Excerpted data Start Marker
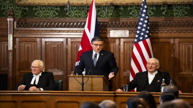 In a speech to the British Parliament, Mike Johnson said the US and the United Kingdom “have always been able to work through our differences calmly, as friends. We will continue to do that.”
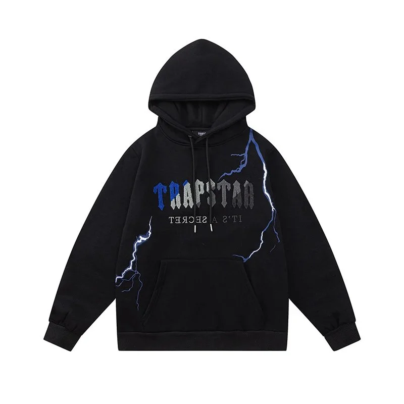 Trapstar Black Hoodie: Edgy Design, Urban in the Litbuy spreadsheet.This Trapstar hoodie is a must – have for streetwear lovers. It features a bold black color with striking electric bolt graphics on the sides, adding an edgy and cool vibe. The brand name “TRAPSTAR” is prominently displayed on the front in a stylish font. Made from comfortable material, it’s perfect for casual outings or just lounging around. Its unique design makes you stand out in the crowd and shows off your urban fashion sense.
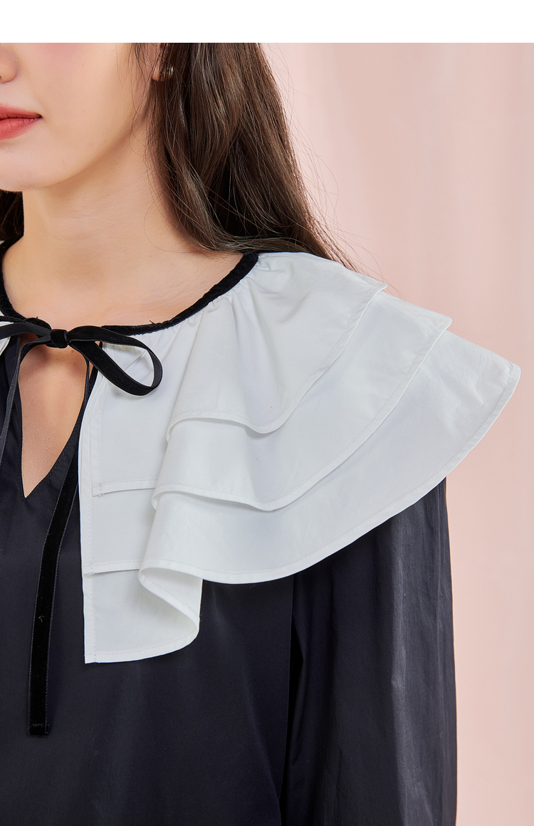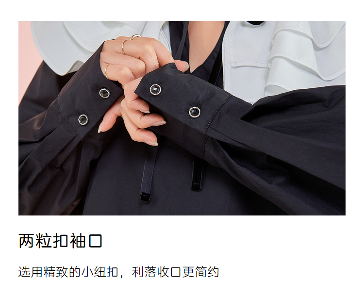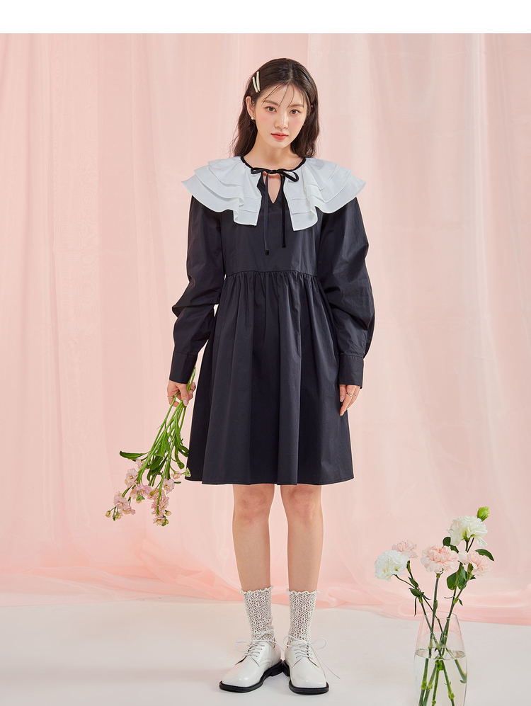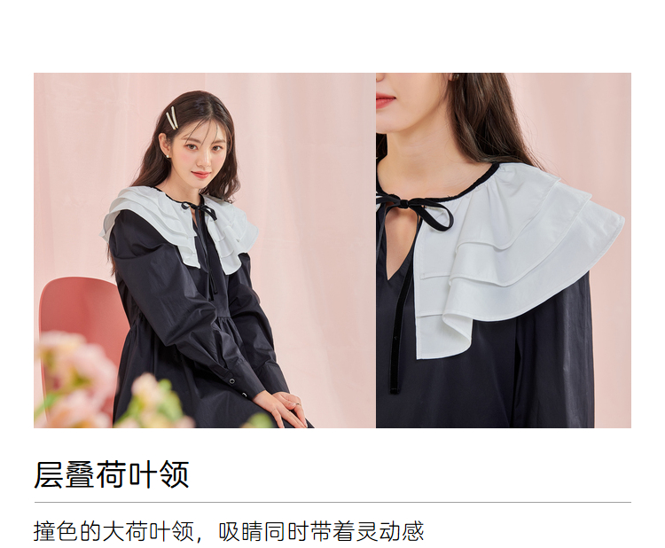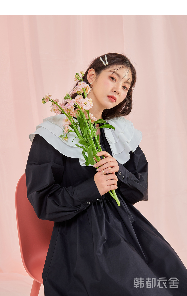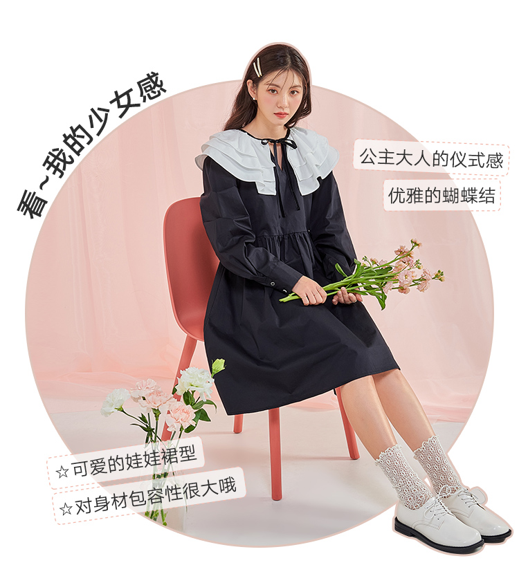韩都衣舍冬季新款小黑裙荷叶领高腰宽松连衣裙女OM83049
Excerpted data End Marker
Excerpted data Start Marker
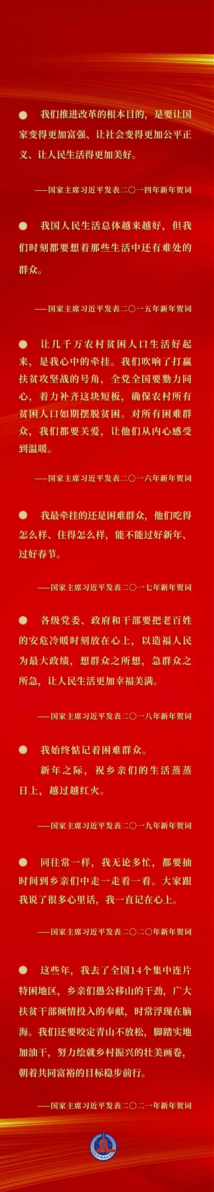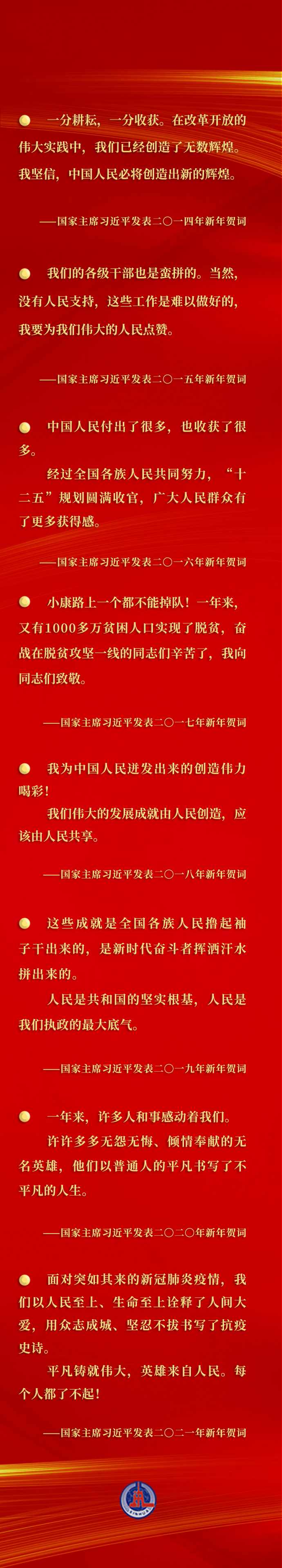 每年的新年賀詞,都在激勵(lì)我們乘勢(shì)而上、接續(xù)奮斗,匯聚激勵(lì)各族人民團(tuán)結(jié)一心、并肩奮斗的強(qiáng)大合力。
Excerpted data End Marker
Excerpted data Start Marker
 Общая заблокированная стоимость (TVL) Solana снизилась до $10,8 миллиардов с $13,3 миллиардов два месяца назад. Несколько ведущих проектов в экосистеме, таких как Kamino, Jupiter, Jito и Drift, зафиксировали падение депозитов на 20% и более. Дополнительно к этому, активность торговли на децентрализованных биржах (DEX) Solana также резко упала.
Excerpted data End Marker
## Task objective
From the records above, transcribe exactly the lines starting at the one containing "Trapstar Black Hoodie: Edgy" and ending at the one containing "韩都衣舍冬季新款小黑裙荷叶领高腰宽松连衣裙女OM83049". Skip the pictures.

## Task output
 Trapstar Black Hoodie: Edgy Design, Urban in the Litbuy spreadsheet.This Trapstar hoodie is a must – have for streetwear lovers. It features a bold black color with striking electric bolt graphics on the sides, adding an edgy and cool vibe. The brand name “TRAPSTAR” is prominently displayed on the front in a stylish font. Made from comfortable material, it’s perfect for casual outings or just lounging around. Its unique design makes you stand out in the crowd and shows off your urban fashion sense.
韩都衣舍冬季新款小黑裙荷叶领高腰宽松连衣裙女OM83049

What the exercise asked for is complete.